The Emergency Use Authorization (EUA) authority allows FDA to help strengthen the nation’s public health protections against chemical, biological, radiological, and nuclear (CBRN) threats including infectious diseases, by facilitating the availability and use of medical countermeasures (MCMs) needed during public health emergencies.

Under section 564 of the Federal Food, Drug, and Cosmetic Act (FD&C Act), when the Secretary of HHS declares that an emergency use authorization is appropriate, FDA may authorize unapproved medical products or unapproved uses of approved medical products to be used in an emergency to diagnose, treat, or prevent serious or life-threatening diseases or conditions caused by CBRN threat agents when certain criteria are met, including there are no adequate, approved, and available alternatives. The HHS declaration to support such use must be based on one of four types of determinations of threats or potential threats by the Secretary of HHS, Homeland Security, or Defense.

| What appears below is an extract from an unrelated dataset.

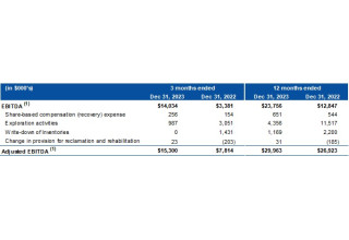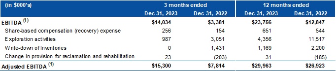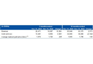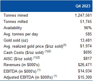 The Company's financial results for Q4 2023 reflect record gold sales of US$26.5 million, which generated US$16.8 million in Mine Operating Cash Flow (1) (3), and US$9.5 million in Net Income. Revenues, Adjusted EBITDA (1) and Mine Operating Cash Flow (1) (3) were all at record levels. The Company reported US$0.145 in earnings per share (EPS) during the quarter, while selling 13,481 oz of gold at $817 All-In Sustaining Cost ("AISC") ($/oz sold (1) (2)).

Please note: a determination under section 319 of the Public Health Service Act that a public health emergency exists, such as the one issued on January 31, 2020, does not enable FDA to issue EUAs. On February 4, 2020, the HHS Secretary determined that there is a public health emergency that has a significant potential to affect national security or the health and security of United States citizens living abroad, and that involves the virus that causes COVID-19. Subsequent HHS declarations supporting use of EUAs and based on this determination are described in the blue boxes below.

Serology tests detect the presence of antibodies in the blood from the body’s adaptive immune response to an infection, like COVID-19. They do not detect the virus itself. In the early days of an infection when the body’s adaptive immune response is still building, antibodies may not be detected. This limits the test’s effectiveness for diagnosing current COVID-19 and is one reason serology tests should not be used to diagnose or exclude acute COVID-19 infection. Serology tests play a role in the fight against COVID-19 by helping health care professionals identify individuals who may have developed an adaptive immune response to SARS-CoV-2.

However, to use serology tests properly, it is important to understand their performance characteristics and limitations. Moreover, studies are underway to address questions that will better inform the appropriate use of these tests, such as which antibodies may indicate a level of protection that would prevent or reduce the severity of infection or re-infection as well as the duration for which this protection may last.

The performance of these tests is described by their “sensitivity,” or their ability to identify those with antibodies to SARS-CoV-2 (true positive rate), and their “specificity,” or their ability to identify those without antibodies to SARS-CoV-2 (true negative rate).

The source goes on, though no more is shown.